- [EXTRACTED INFORMATION]
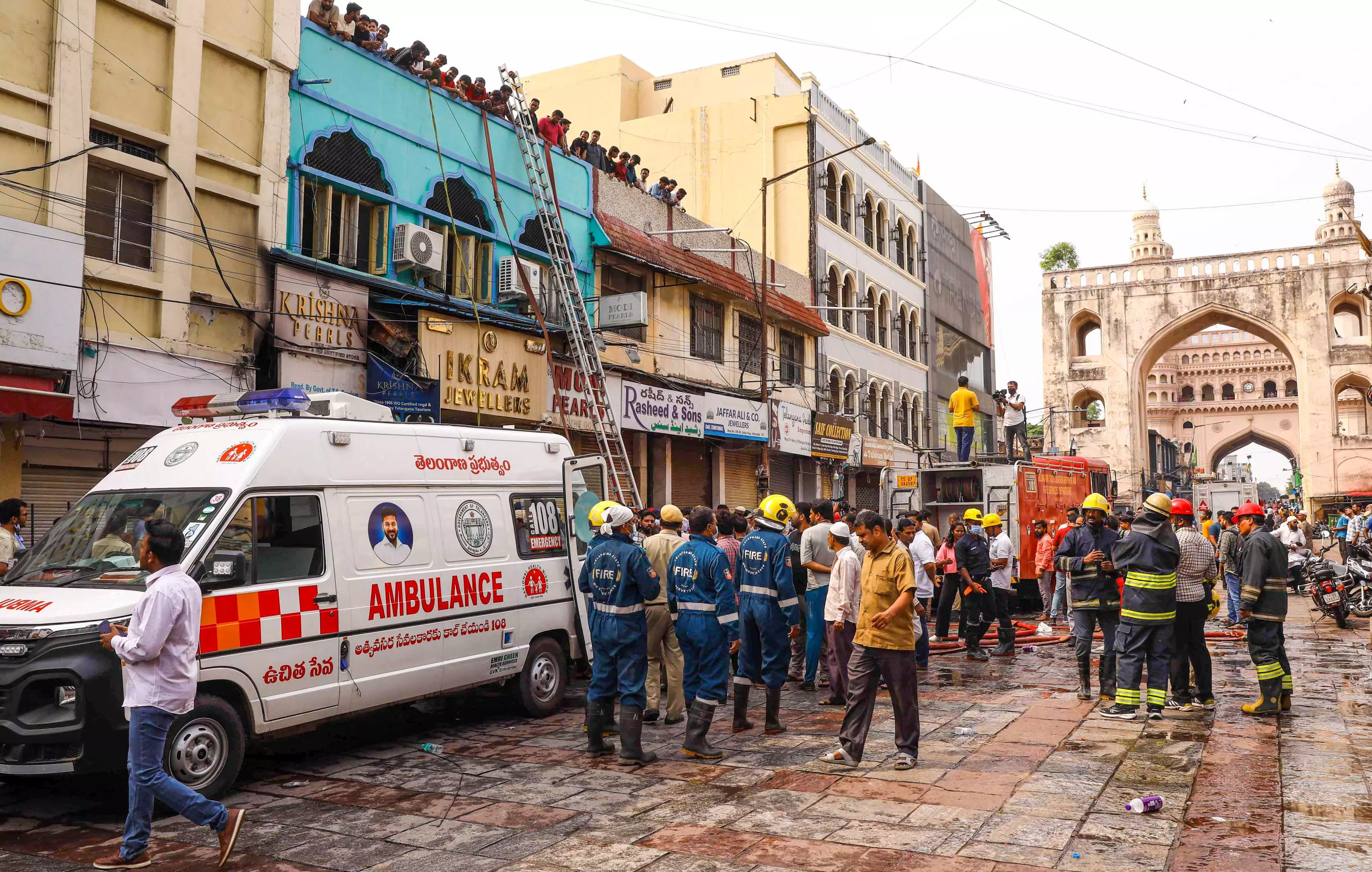 Firefighters at work after a fire broke out in a building near Gulzar Houz in the Old City area of Hyderabad in Telangana, Sunday, May 18, 2025. At least eight people lost their lives and several others injured in the tragic incident. (PTI Photo)
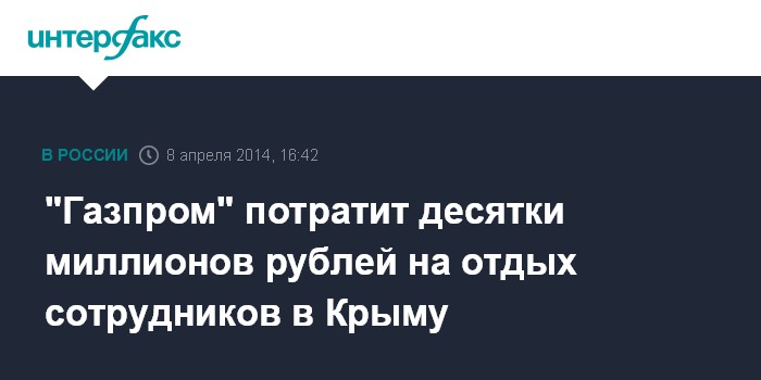 "Газпром" потратит десятки миллионов рублей на отдых сотрудников в Крыму
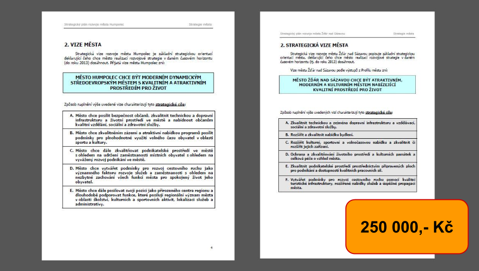 250 000 Kč stálo okopírování strategie a vize města Humpolec, které svoji strategii publikovalo o rok dříve než Žďár. Můžete chvíli sami hádat, která z vizí města je vizí Žďáru a která Humpolce: MĚSTO ___ CHCE BÝT ATRAKTIVNÍM, MODERNÍM A…
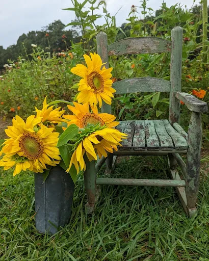 Read moreBeautiful garden! It's only $13 for a massive bouquet of cut-your-own flowers (mostly sunflowers, plus lots of wildflowers for your bouquet) with no entrance fee. I brought a big water bottle to transport my flowers home in my car's cupholder. They provide clippers and accept credit cards. There are tons of places to take pictures, and even cute props for kids to play with, like wheelbarrows, tractors, wagons, and chairs. They have chickens that you can feed (for free). There is a port-a-potty at the parking area. There are grass paths everywhere but it is fairly steep and rough...not a problem for walking, but it was hard to push a stroller. The employee was really nice and helpful.
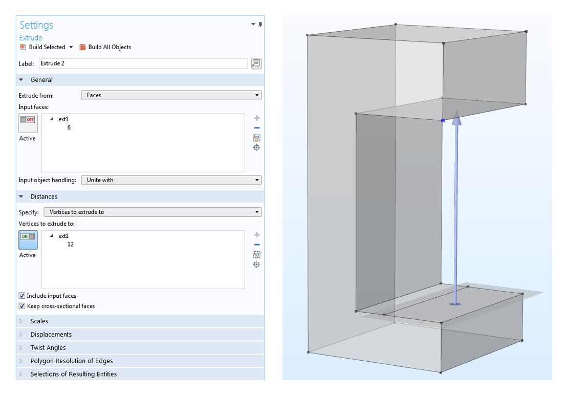 The Extrude Settings window (left), where an input face is allowed to extrude to a specified vertex. The Graphics window (right) shows the extrusion distance using an arrow.

- [ACTIVITY] Please quote exactly the run of lines that starts the entries and ends at the line containing "250 000 Kč stálo", leaving out every picture.

- [RESPONSE BOX]
 Firefighters at work after a fire broke out in a building near Gulzar Houz in the Old City area of Hyderabad in Telangana, Sunday, May 18, 2025. At least eight people lost their lives and several others injured in the tragic incident. (PTI Photo)
 "Газпром" потратит десятки миллионов рублей на отдых сотрудников в Крыму
 250 000 Kč stálo okopírování strategie a vize města Humpolec, které svoji strategii publikovalo o rok dříve než Žďár. Můžete chvíli sami hádat, která z vizí města je vizí Žďáru a která Humpolce: MĚSTO ___ CHCE BÝT ATRAKTIVNÍM, MODERNÍM A…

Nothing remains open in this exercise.